• _INPUT MATERIAL_
* * * * * * * * *
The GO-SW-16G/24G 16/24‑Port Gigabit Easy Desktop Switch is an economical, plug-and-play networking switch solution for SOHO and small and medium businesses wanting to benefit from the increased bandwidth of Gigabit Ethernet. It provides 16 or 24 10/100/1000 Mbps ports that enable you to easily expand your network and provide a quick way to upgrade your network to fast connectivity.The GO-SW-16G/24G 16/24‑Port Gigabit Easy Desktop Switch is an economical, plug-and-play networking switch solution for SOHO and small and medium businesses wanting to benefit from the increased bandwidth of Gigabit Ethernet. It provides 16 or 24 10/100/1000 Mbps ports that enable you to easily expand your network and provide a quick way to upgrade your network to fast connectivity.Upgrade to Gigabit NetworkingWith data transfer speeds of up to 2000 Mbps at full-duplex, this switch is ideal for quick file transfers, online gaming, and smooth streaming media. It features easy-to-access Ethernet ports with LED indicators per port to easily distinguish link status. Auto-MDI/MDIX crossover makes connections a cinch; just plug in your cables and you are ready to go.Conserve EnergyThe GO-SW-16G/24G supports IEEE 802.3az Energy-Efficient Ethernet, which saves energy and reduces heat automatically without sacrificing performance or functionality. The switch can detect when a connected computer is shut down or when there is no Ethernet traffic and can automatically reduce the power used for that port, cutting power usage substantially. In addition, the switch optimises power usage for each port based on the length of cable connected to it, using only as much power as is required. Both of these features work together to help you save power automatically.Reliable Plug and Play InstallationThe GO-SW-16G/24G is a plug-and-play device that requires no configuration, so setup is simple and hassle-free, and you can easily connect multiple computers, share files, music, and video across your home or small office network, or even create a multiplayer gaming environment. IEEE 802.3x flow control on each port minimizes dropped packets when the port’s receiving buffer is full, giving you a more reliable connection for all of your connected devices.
* * * * * * * * *
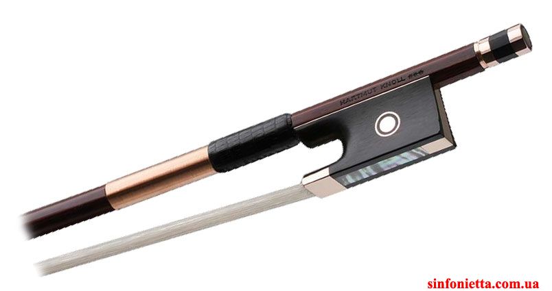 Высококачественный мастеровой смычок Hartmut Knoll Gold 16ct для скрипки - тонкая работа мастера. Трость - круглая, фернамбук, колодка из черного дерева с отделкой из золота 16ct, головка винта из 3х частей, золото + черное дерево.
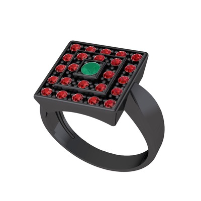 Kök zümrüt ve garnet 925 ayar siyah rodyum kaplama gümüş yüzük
* * * * * * * * *
• _TASK ITEM_
The answer is the lines of the material above, from the one containing "Высококачественный мастеровой смычок" down to the one containing "Kök zümrüt ve", given exactly and without images.

• _EXERCISE ANSWER_
 Высококачественный мастеровой смычок Hartmut Knoll Gold 16ct для скрипки - тонкая работа мастера. Трость - круглая, фернамбук, колодка из черного дерева с отделкой из золота 16ct, головка винта из 3х частей, золото + черное дерево.
 Kök zümrüt ve garnet 925 ayar siyah rodyum kaplama gümüş yüzük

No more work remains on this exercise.